Hi, I would like to ask why the attention mask is not used in the prefill stage. I want to output the attention scores matrix in prefill stage. Is the code below right?

        if spec: # spec decoding
            key_states, value_states = graph_cache.update(new_k_cache=key_states, new_v_cache=value_states, layer_idx=self.layer_idx)
        else:
            # update kv cache first
            key_states, value_states = kv_cache.update(key_states, value_states, layer_idx=self.layer_idx)
            if query_states.shape[1] == 1 and (isinstance(graph_cache, RetrievalCache)): 
                if graph_cache.init_graph == False:
                    # init graph cache
                    graph_cache.init_graph_cache(kv_cache, query_states, self.layer_idx)
                else:
                    # update graph cache (customized)
                    graph_cache.update_graph_cache_retrieval(kv_cache, query_states, self.layer_idx)

        # 计算注意力得分矩阵
        attention_scores = torch.einsum("bqhd,bkhd->bhqk", query_states, key_states)
        attention_scores /= torch.sqrt(torch.tensor(self.head_dim, dtype=torch.float32))
        if attention_mask is not None:
            attention_mask = attention_mask.to(attention_scores.device)
            attention_scores += attention_mask

        attn_output = flash_attn_with_kvcache(q=query_states, k_cache=key_states, v_cache=value_states, softmax_scale=1/torch.sqrt(torch.tensor(self.head_dim, dtype=torch.float16)), causal=True)
        attn_output = attn_output.reshape(bsz, q_len, self.hidden_size)

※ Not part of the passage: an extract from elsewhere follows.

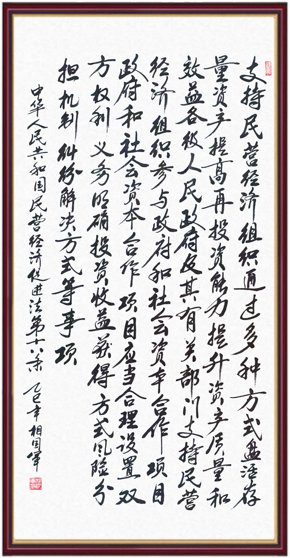 《中華人民共和國民營經(jīng)濟促進法》自今年5月20日起施行。作為我國首部專門關(guān)于民營經(jīng)濟發(fā)展的基礎(chǔ)性法律,民營經(jīng)濟促進法將支持和保障民營經(jīng)濟發(fā)展的法律制度融入中國特色社會主義法律體系,具有重大的法治意義,為促進民營經(jīng)濟持續(xù)、健康、高質(zhì)量發(fā)展提供了堅實的法治保障。為更好地學(xué)習(xí)、宣傳、貫徹這部法律,法治日報社聯(lián)合司法部普法與依法治理局,開展“‘書·法’系列活動之書寫《中華人民共和國民營經(jīng)濟促進法》”活動。

        attn_output = self.o_proj(attn_output)

        return attn_output, attention_scores
preminstrel commented 2 weeks ago

Hello,

We use flash attention function which already has causal mask for prefilling phase.

It should be noted that it is easy to have OOM issue when you are trying to compute attention matrix directly for long sequences.